Они выпили. Опасаясь расспросов, Влад сделал первый ход:
— И чем же ты занимаешься в Москве… красавица? — последним словом он заменил готовое сорваться с языка школьное прозвище Лены.
— В Москве я работаю детским врачом в районной поликлинике, воспитываю сына Димку, иногда хожу к подругам на девичники, реже — в театры и музеи. Туда в основном из-за сына. Еще подрабатываю на четверть ставки в школьном медпункте.
— Недостаток денег?
— Избыток времени.
Влад предложил выпить за нее — за ту, рыжую, смешную. За ту она выпила. Стало веселее, разговор зашел о нем.
— Свободен как птица. От друзей, врагов, родни, семьи и работы. Парю между солнцем и морем.
— Почему — морем?
— В детстве мать рассказывала такую сказку… Он пересказал. Лена рассмеялась.
— Это не сказка, это античный миф. А ты живешь в реальном мире.
— Я живу в лабиринте, — философски изрек Влад, вспомнив о том, что построил пахан Икара, и почувствовал, что на этом запас его интеллекта иссяк.

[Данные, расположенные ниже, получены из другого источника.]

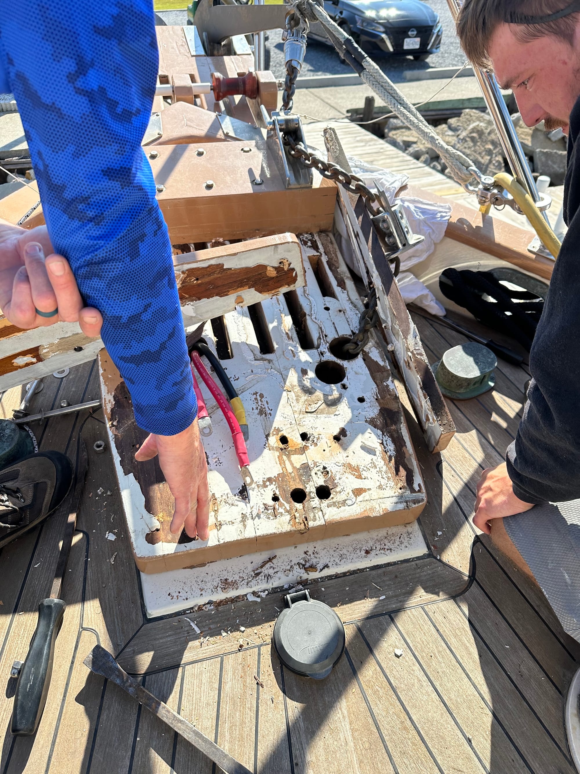 The diver returned and replaced our zincs with new ones. Zincs provide crucial protection by corroding first to protect vital underwater metal parts such as the propeller, shaft, rudder, from galvanic corrosion in saltwater. They work by being the most reactive metal in the electrical circuit, corroding away before the steel, bronze or aluminum parts they are connected to. Another project taken off the to-do list which is on-going.
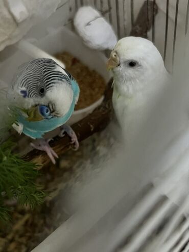 Nömrəli qəfəzdə iki dalğıç papağan (büdcəri) cütü. Xüsusiyyətlər: - Rənglər: biri tam sarı (lutino), digəri yaşıl-sarı, qara zolaqlı baş naxışları və mavi gaga üstü. - Növ: budgerigar (undulat). -...
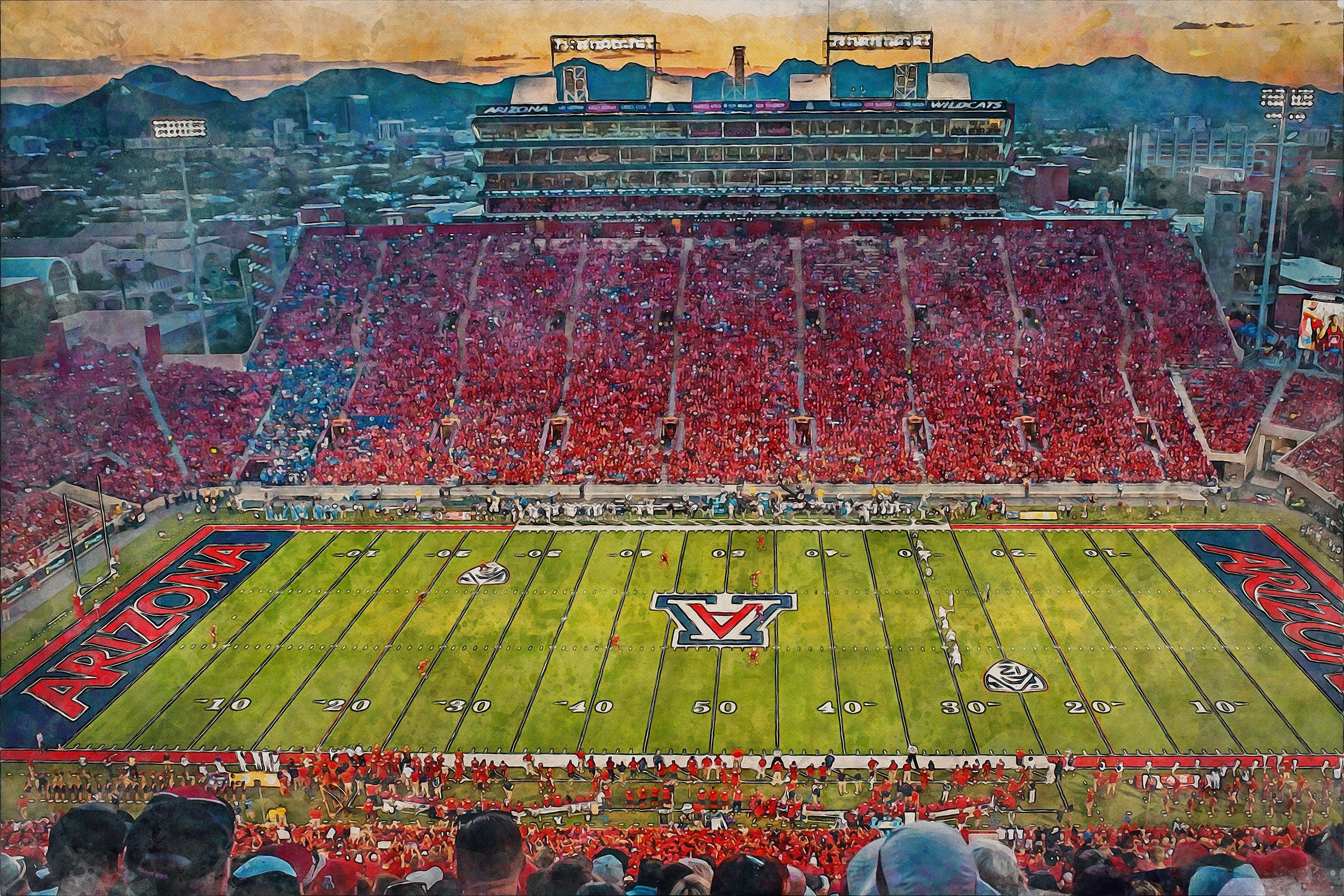 Canvas-Print of Arizona Wildcats, Arizona Stadium , Watercolor Digital Sketch Print Canvas Print, Arizona Football, Tucson Arizona
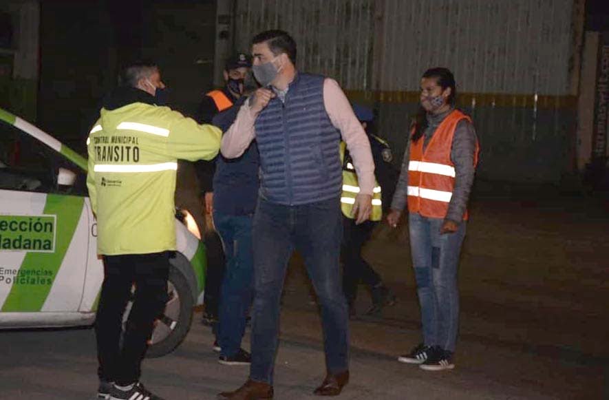 Tras la conferencia en que anunció que se levantaban los controles en los accesos, el intendente Ezequiel Galli se acercó al que se ubicaba en avenida Pringles y, a modo de despedida, saludó a sus trabajadores.
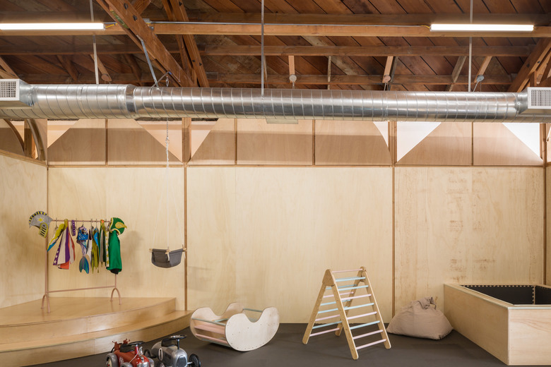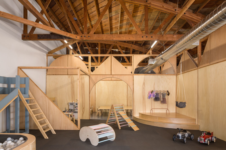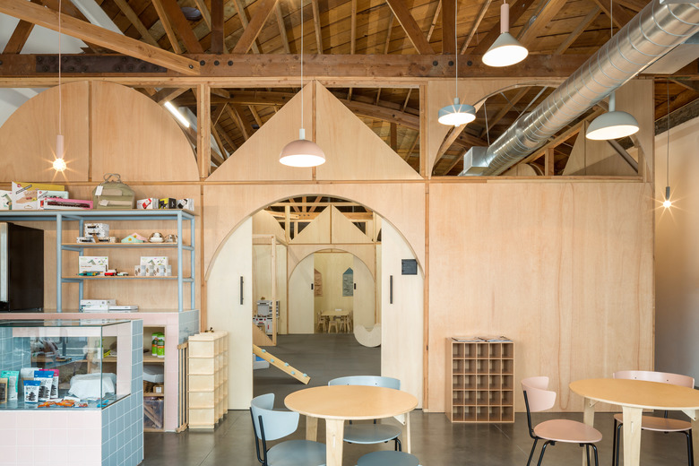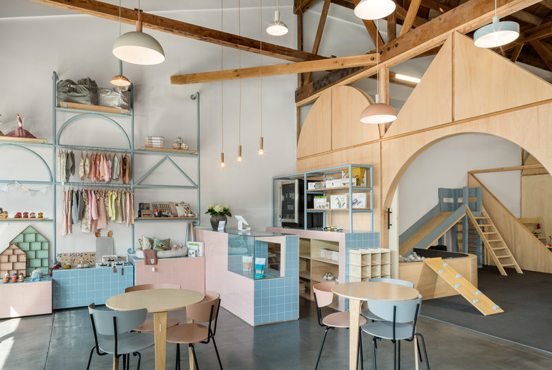 La primera un área de bienvenida, compuesta por cafetería y tienda, la segunda y central, el parque infantil, corazón del proyecto y la tercera y última, más resguardada, un área de trabajo o co-working.
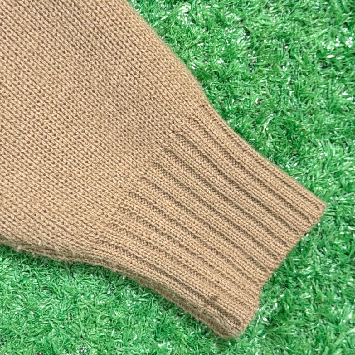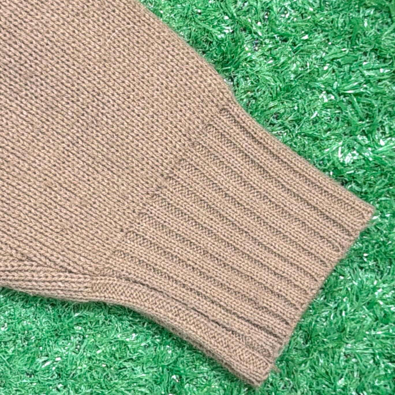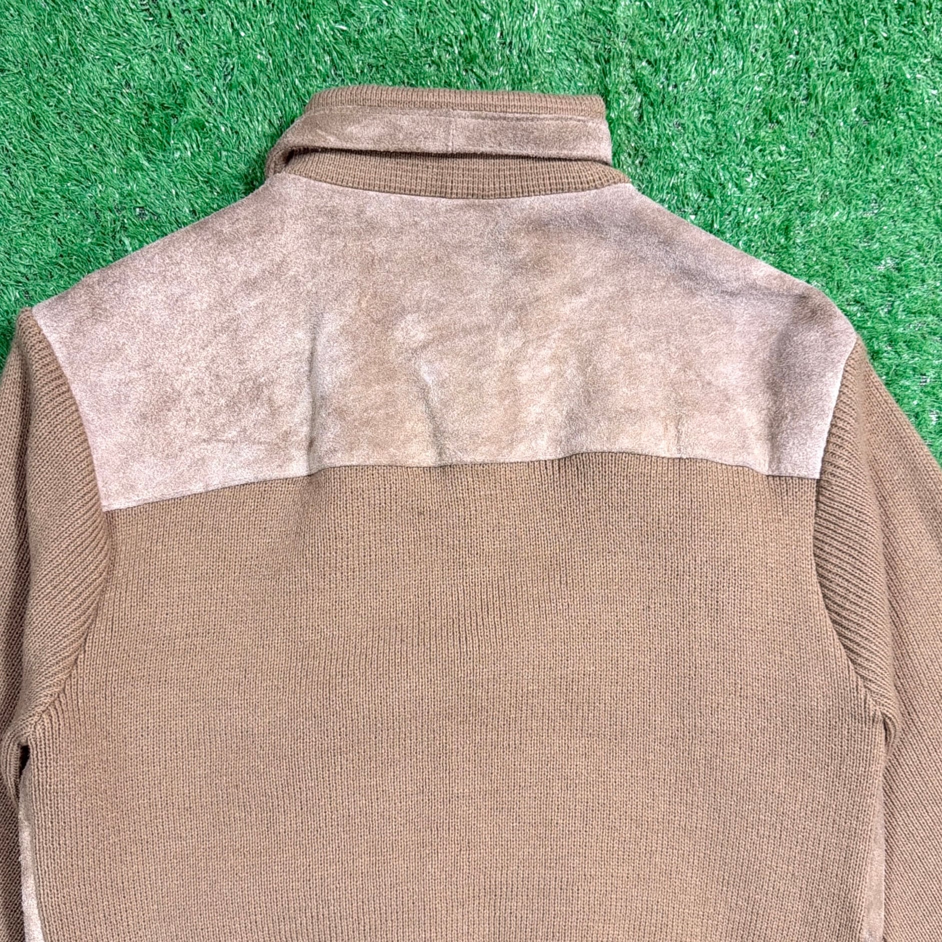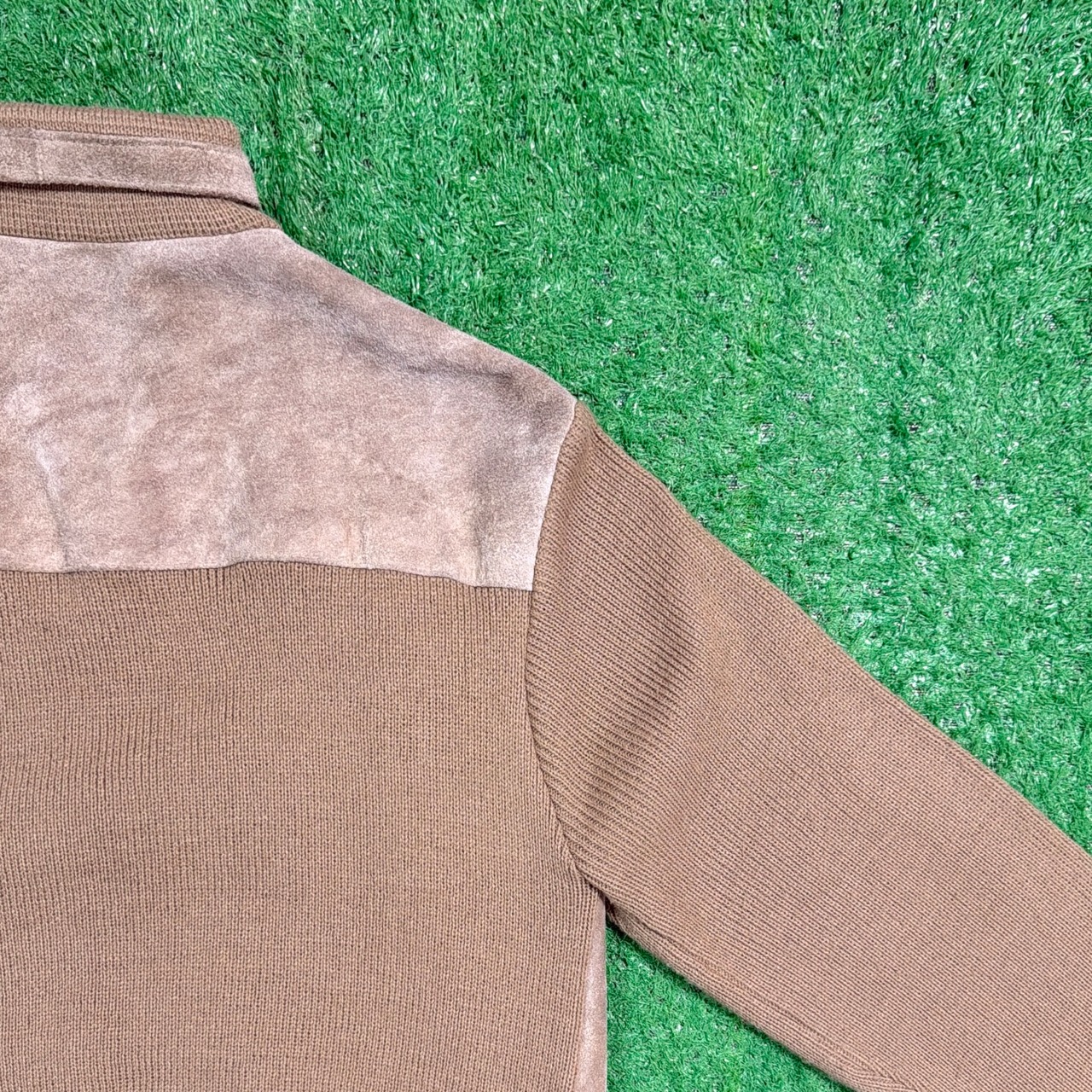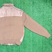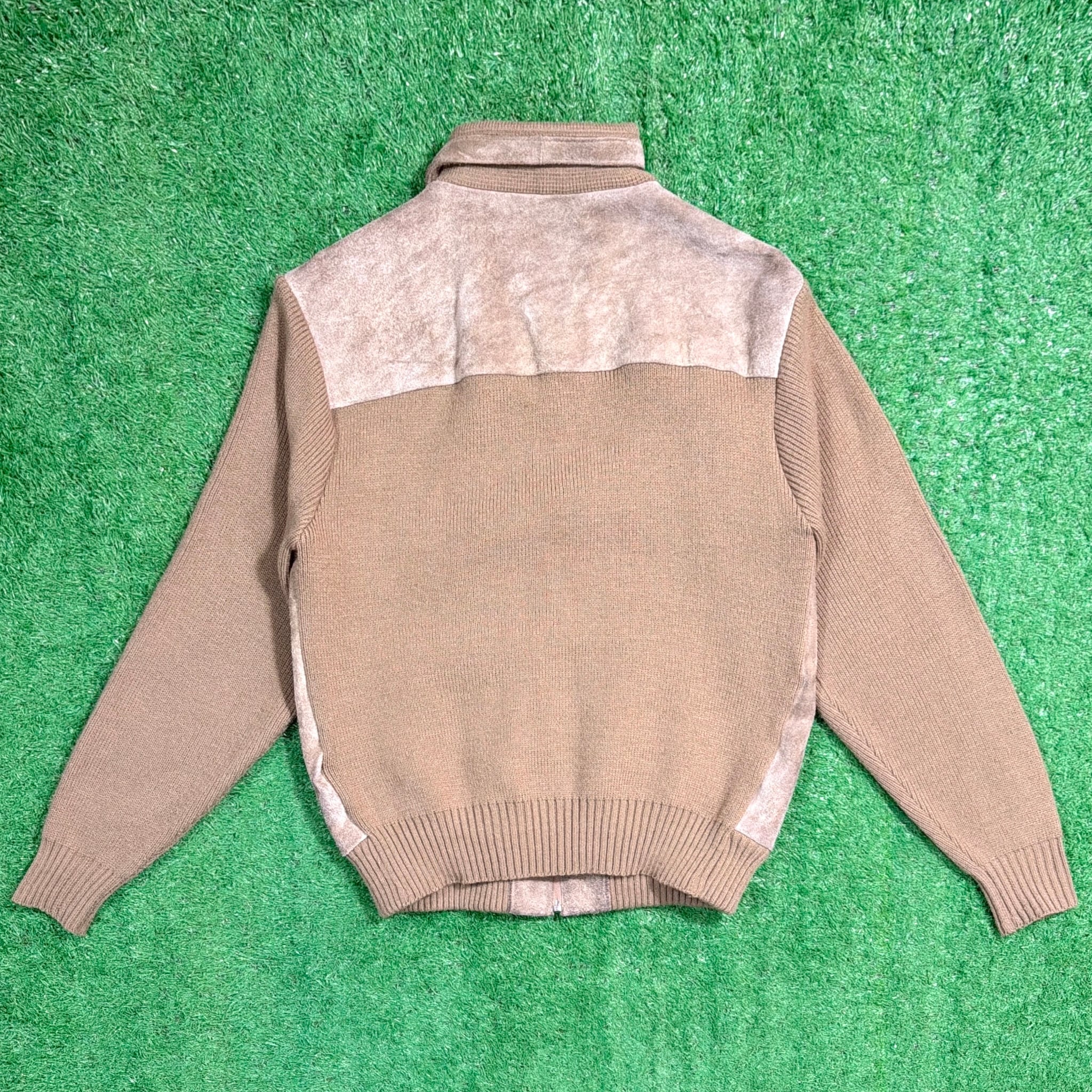 フロントと背中上部にスウェード調素材を切り返したデザインが特徴的で、90sらしい落ち着いた存在感のある一着。身頃や袖はニット素材で、スウェードとの異素材ミックスが程よいアクセントになっています。

— В лабиринте живет Минотавр. Страшный зверюга, который питается теми, кто заблудился. А ты ведь не заблудился, Влад?
— Откуда я знаю!
— Очень просто. Если у тебя есть мечта, значит, ты не заблудился. А если мечты нет, то тебя непременно сожрет Минотавр.
Продолжение материнской сказки ничего хорошего не сулило: мечты у Влада не было. Говорить больше было не о чем, и он чертыхался про себя, проклиная Панича и Мещанинова и все на свете, что стояло за их «случайной» встречей. Вдруг в голову пришла бредовая идея рассказать ей обо всем, он подумал даже, что это было бы для него выходом из лабиринта, хотя почти наверняка и падением в море. И словно в подтверждение последнего, в зал вошел телохранитель Панича Монгол.
Влад настолько привык видеть его рядом с шефом, что ему показалось, будто в зале находится и Панич, и он стал внимательно, столик за столиком, изучать зал. Но Панича не было и не могло быть — старик предпочитал построенное на его деньги «Тридорожье». Монгол прошелся по залу, увидел Влада, но тут же отвернулся, словно не узнал. Поговорив о чем-то с метрдотелем, он вышел.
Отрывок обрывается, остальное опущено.